A Cri-Crí le costó mucho tiempo reponerse de la temporada ruidosa que debió soportar. Las campanadas, cacerolazos, risotadas, gritos y demás baraúnda hicieron estragos en sus oídos. Porque así como las manos delicadas, sometidas a una labor ruda, se ajan y pierden tersura, después del estrépito incesante, los tímpanos de Cri-Crí quedaron llenos de ampollas. Buscando alivio discurrió taparse las orejas con manteca.
Un músico que no oye se vuelve tímido y medroso. Aún está reciente el caso de un hundimiento en el Pacífico en el cual se distinguió un robusto marinero al salvar, él solo, a diez náufragos y una náufraga. Por cierto que esta última, habiendo soltado su lápiz de labios (de un tono que no se consigue en las islas), rogó al bravo que volviese a entrar de cabeza al mar en busca del perfumado lápiz hundido.

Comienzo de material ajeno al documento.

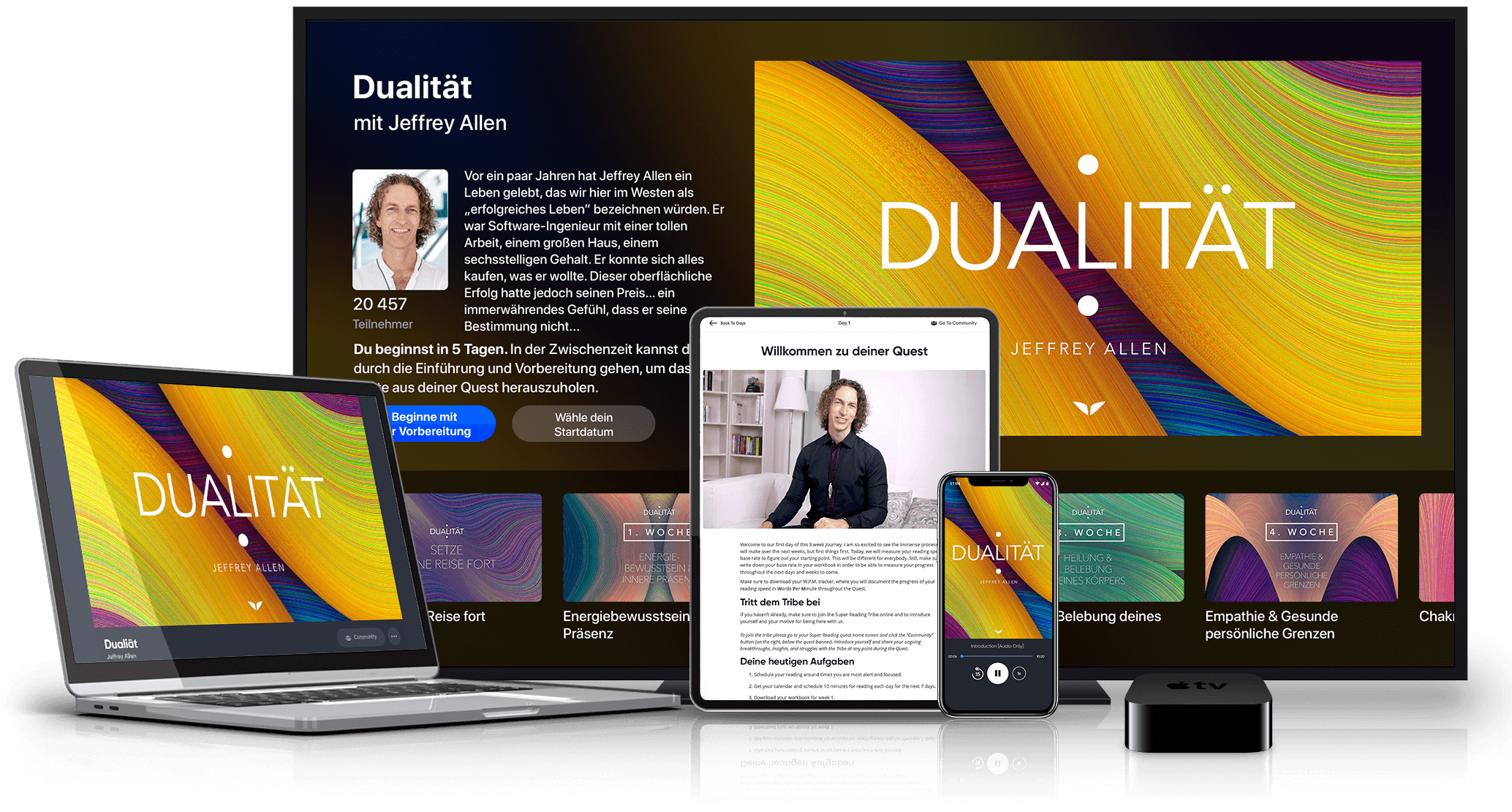 In Dualität hilft dir der gefeierte Energieheiler Jeffrey Allen dabei, deinen Energiekörper zu entdecken und dich mit ihm zu verbinden, damit auch du höhere Stufen der Selbstbeherrschung, des spirituellen Bewusstseins und emotionaler Glückseligkeit erwecken kannst, sowohl auf energetischer Ebene mit dir selbst, als auch auf körperlicher Ebene.

El galante marinero no se lo hizo del repetir: se zambulló audazmente, pero, como en el océano Pacífico la profundidad es tremenda, el buzo temerario aún no ha tenido tiempo de retornar a la superficie.
Los militares también cuentan con proezas insólitas. En las guerras del imperio (causadas por la forma en que un caricaturista dibujó al emperador con casco de dormir), en una de tantas batallas, un oficial fue hecho prisionero. El general imperial quiso obligarlo a confesar si en la trinchera enemiga habían mil hombres o sólo 999. El oficial capturado se mordió los labios y fue imposible sacarle palabra. Enfurecido ante ese mutismo heroico, el genrral (que era admirador de Roberspierre), mandó cortarle la cabeza. Pero, asombrado de tanto valor, se la hizo colocar en seguida (hay cementos químicos que lo pegan todo); mas, en la precipitación de volver a colocarle la cabeza, se la pusieron al revés.